• Task requirements:
Transcribe everything in the listing below exactly, except the pictures.

• Input records:
*-*-*

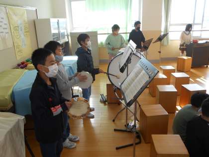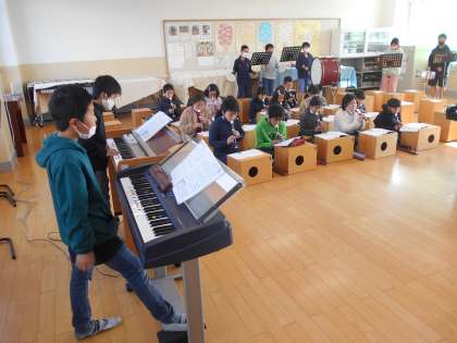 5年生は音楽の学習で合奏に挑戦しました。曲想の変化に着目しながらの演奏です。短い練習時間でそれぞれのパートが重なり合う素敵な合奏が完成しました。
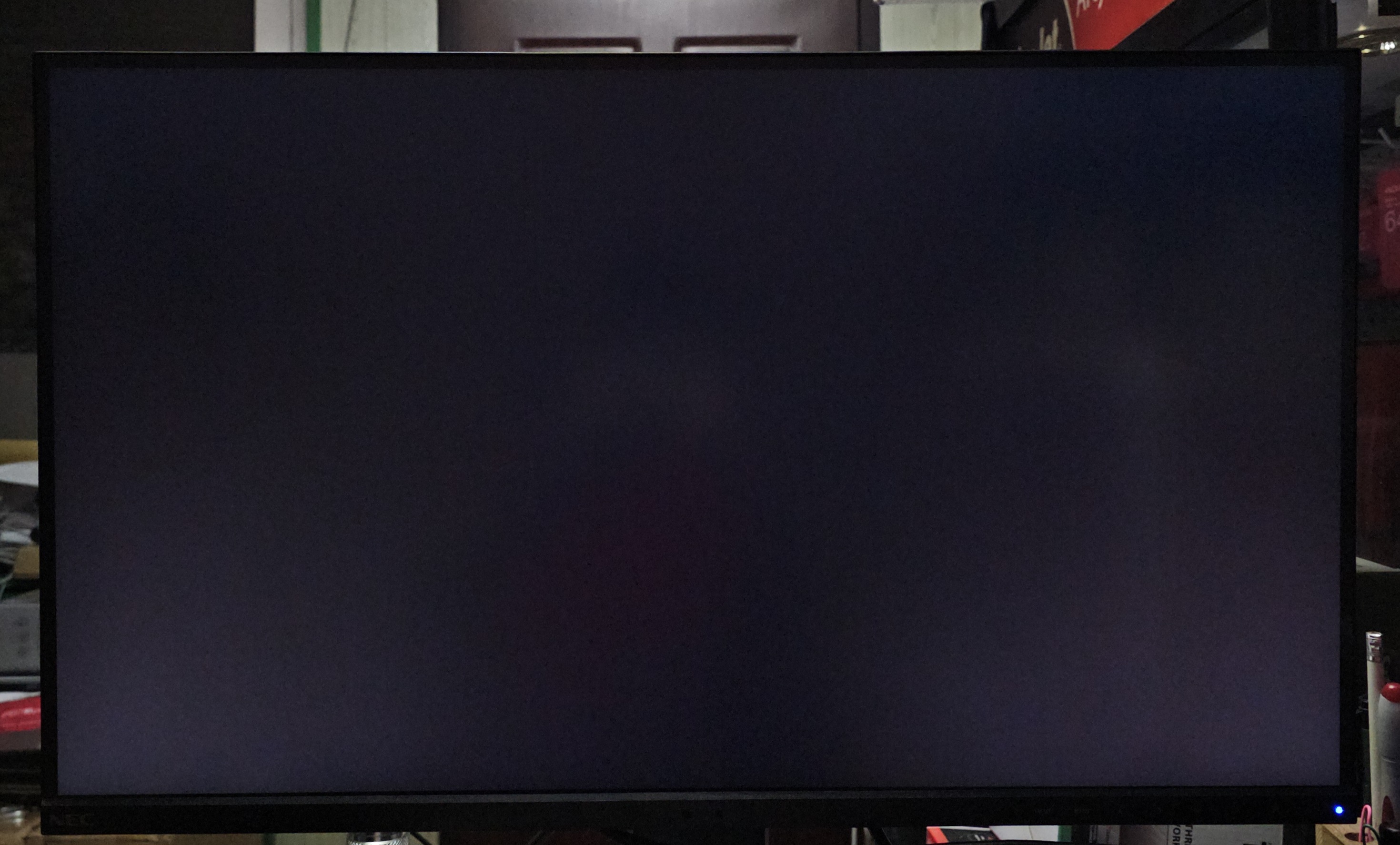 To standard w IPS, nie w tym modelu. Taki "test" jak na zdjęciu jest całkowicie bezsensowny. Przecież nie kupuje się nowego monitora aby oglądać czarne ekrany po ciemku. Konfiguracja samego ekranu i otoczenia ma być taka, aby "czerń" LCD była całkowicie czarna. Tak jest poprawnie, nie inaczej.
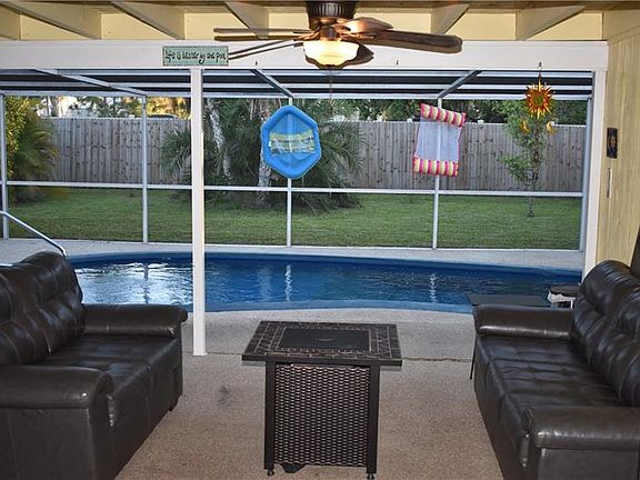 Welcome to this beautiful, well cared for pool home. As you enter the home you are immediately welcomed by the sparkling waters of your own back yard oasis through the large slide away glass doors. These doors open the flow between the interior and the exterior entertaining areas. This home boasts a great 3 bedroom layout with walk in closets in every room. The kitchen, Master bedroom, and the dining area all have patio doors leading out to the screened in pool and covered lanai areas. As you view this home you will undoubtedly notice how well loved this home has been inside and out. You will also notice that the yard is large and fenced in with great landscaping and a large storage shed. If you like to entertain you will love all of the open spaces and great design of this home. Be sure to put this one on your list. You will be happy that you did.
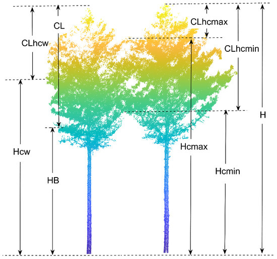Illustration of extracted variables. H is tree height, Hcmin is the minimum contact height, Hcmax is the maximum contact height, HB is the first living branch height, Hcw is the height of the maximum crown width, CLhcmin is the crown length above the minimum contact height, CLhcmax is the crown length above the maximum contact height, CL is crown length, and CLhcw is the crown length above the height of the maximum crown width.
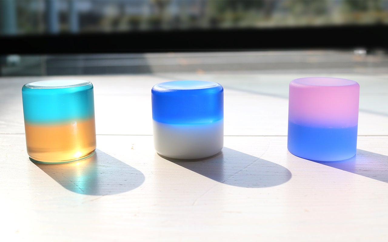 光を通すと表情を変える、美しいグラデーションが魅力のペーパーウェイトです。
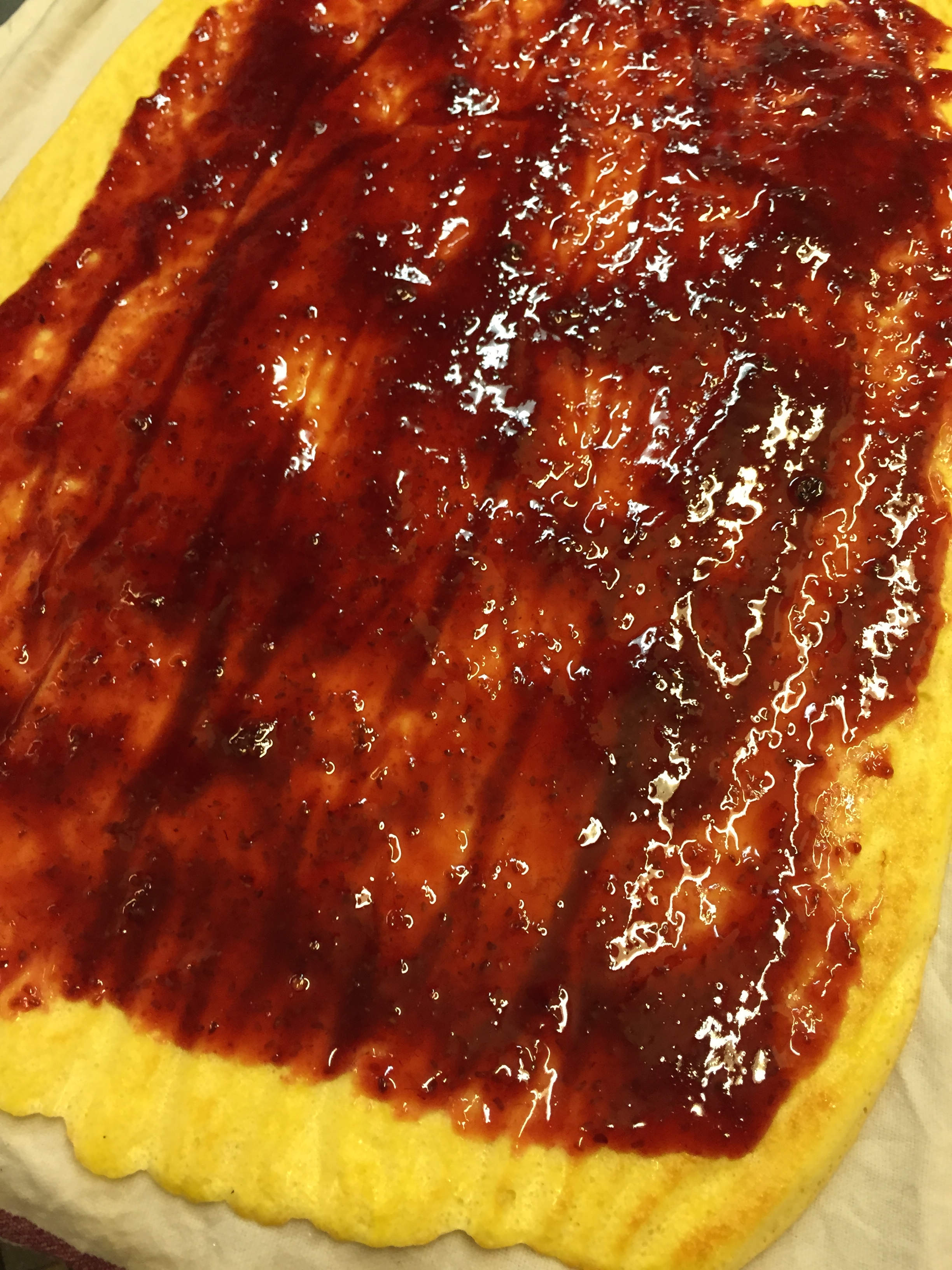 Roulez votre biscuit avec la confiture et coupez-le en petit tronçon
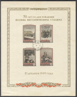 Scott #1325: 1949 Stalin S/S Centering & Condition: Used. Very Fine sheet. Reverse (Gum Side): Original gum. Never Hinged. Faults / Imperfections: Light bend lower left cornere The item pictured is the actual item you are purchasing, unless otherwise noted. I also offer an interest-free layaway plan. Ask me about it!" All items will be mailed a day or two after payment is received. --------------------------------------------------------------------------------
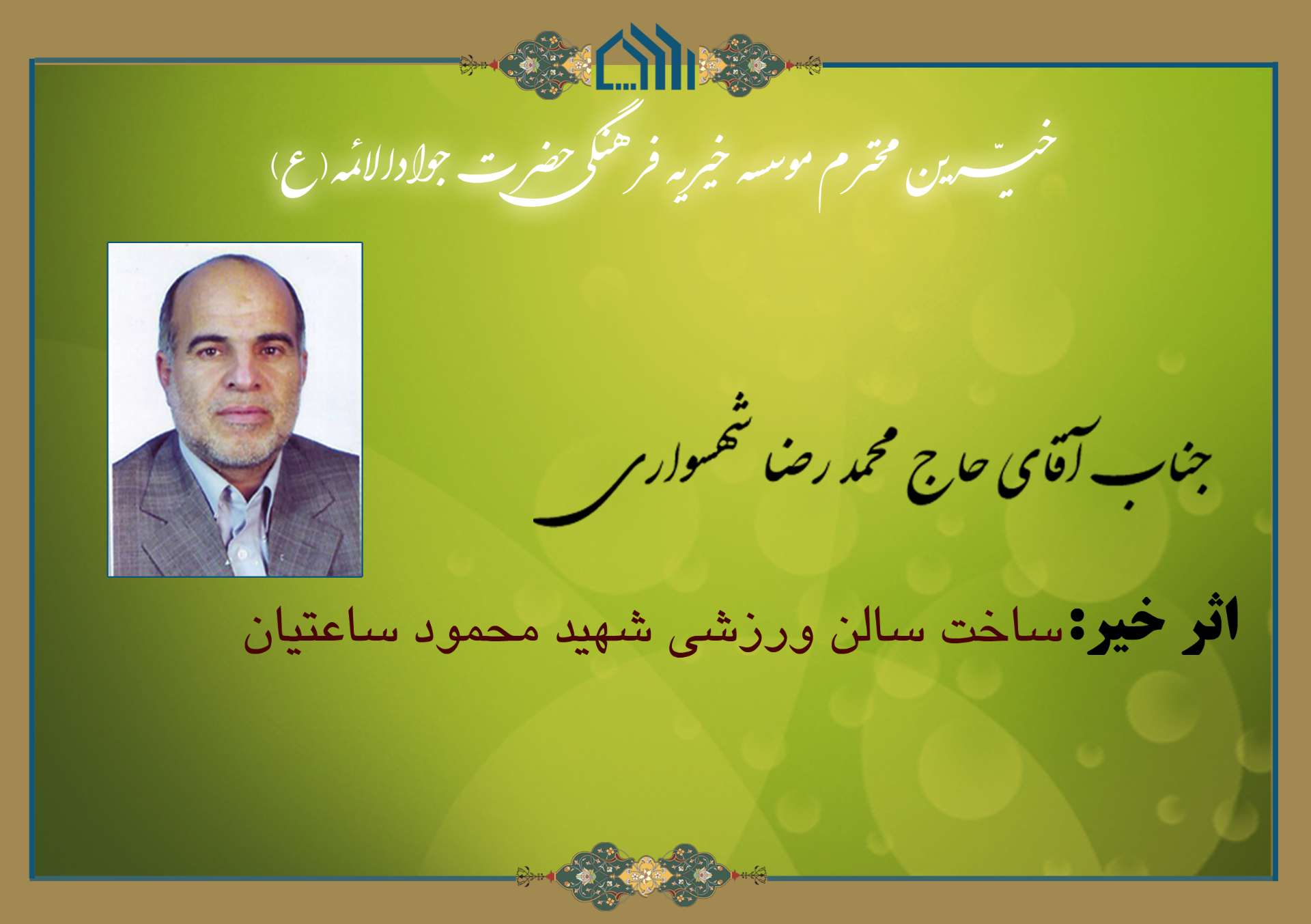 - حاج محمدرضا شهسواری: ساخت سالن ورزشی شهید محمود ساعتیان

*-*-*

• Task output:
 5年生は音楽の学習で合奏に挑戦しました。曲想の変化に着目しながらの演奏です。短い練習時間でそれぞれのパートが重なり合う素敵な合奏が完成しました。
 To standard w IPS, nie w tym modelu. Taki "test" jak na zdjęciu jest całkowicie bezsensowny. Przecież nie kupuje się nowego monitora aby oglądać czarne ekrany po ciemku. Konfiguracja samego ekranu i otoczenia ma być taka, aby "czerń" LCD była całkowicie czarna. Tak jest poprawnie, nie inaczej.
 Welcome to this beautiful, well cared for pool home. As you enter the home you are immediately welcomed by the sparkling waters of your own back yard oasis through the large slide away glass doors. These doors open the flow between the interior and the exterior entertaining areas. This home boasts a great 3 bedroom layout with walk in closets in every room. The kitchen, Master bedroom, and the dining area all have patio doors leading out to the screened in pool and covered lanai areas. As you view this home you will undoubtedly notice how well loved this home has been inside and out. You will also notice that the yard is large and fenced in with great landscaping and a large storage shed. If you like to entertain you will love all of the open spaces and great design of this home. Be sure to put this one on your list. You will be happy that you did.
Illustration of extracted variables. H is tree height, Hcmin is the minimum contact height, Hcmax is the maximum contact height, HB is the first living branch height, Hcw is the height of the maximum crown width, CLhcmin is the crown length above the minimum contact height, CLhcmax is the crown length above the maximum contact height, CL is crown length, and CLhcw is the crown length above the height of the maximum crown width.
 光を通すと表情を変える、美しいグラデーションが魅力のペーパーウェイトです。
 Roulez votre biscuit avec la confiture et coupez-le en petit tronçon
 Scott #1325: 1949 Stalin S/S Centering & Condition: Used. Very Fine sheet. Reverse (Gum Side): Original gum. Never Hinged. Faults / Imperfections: Light bend lower left cornere The item pictured is the actual item you are purchasing, unless otherwise noted. I also offer an interest-free layaway plan. Ask me about it!" All items will be mailed a day or two after payment is received. --------------------------------------------------------------------------------
 - حاج محمدرضا شهسواری: ساخت سالن ورزشی شهید محمود ساعتیان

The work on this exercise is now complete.